# Task directions:
Reproduce precisely the lines of the listing below, starting with the line that contains "Full Judgement: CU" and stopping after the line that contains "Christmas Bake Sale"; include nothing else.

━━━ Records for this exercise

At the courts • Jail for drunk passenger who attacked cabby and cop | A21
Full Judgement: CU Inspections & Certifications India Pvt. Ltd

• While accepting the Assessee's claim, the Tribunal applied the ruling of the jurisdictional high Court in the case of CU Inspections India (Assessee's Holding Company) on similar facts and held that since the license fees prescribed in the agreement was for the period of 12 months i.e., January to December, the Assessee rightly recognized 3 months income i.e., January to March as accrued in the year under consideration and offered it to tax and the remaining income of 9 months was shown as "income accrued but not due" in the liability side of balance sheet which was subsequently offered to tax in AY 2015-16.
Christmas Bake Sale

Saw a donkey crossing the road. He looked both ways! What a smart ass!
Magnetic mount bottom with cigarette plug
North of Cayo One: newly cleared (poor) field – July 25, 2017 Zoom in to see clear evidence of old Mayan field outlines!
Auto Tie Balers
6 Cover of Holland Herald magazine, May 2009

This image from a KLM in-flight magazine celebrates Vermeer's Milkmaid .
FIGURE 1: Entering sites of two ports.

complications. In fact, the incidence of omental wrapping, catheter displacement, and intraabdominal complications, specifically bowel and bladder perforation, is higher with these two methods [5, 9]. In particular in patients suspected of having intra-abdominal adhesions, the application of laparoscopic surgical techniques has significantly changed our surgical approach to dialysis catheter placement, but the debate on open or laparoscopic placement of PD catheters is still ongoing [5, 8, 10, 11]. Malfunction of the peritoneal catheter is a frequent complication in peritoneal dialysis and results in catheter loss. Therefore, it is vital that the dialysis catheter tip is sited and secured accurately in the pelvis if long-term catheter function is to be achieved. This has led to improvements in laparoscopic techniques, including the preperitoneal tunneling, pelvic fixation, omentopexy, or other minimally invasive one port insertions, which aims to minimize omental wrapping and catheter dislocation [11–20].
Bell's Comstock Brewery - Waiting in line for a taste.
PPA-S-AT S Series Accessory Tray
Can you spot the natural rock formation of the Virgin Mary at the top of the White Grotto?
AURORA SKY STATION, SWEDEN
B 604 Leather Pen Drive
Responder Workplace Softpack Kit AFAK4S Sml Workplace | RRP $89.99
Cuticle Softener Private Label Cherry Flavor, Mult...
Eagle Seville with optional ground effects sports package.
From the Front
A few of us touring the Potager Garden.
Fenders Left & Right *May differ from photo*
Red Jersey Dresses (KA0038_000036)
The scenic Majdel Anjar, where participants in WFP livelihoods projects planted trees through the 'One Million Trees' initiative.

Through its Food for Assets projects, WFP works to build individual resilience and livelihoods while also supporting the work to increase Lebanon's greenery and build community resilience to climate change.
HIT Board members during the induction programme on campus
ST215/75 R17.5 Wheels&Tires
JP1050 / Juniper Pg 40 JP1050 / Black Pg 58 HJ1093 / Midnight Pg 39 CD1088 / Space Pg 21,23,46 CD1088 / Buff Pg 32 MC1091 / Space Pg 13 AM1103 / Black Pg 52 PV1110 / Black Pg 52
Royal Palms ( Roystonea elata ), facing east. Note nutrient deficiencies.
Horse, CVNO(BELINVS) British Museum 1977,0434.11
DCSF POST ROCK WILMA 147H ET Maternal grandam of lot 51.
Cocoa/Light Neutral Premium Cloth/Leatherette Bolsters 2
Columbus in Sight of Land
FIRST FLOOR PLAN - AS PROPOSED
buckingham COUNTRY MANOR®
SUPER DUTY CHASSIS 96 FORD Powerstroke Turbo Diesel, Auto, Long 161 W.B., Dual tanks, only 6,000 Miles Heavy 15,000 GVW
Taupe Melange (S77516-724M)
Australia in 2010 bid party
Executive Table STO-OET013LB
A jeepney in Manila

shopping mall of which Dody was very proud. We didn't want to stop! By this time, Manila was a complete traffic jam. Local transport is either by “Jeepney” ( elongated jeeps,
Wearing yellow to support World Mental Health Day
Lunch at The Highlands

━━━━━━

# Result below:
Full Judgement: CU Inspections & Certifications India Pvt. Ltd

• While accepting the Assessee's claim, the Tribunal applied the ruling of the jurisdictional high Court in the case of CU Inspections India (Assessee's Holding Company) on similar facts and held that since the license fees prescribed in the agreement was for the period of 12 months i.e., January to December, the Assessee rightly recognized 3 months income i.e., January to March as accrued in the year under consideration and offered it to tax and the remaining income of 9 months was shown as "income accrued but not due" in the liability side of balance sheet which was subsequently offered to tax in AY 2015-16.
Christmas Bake Sale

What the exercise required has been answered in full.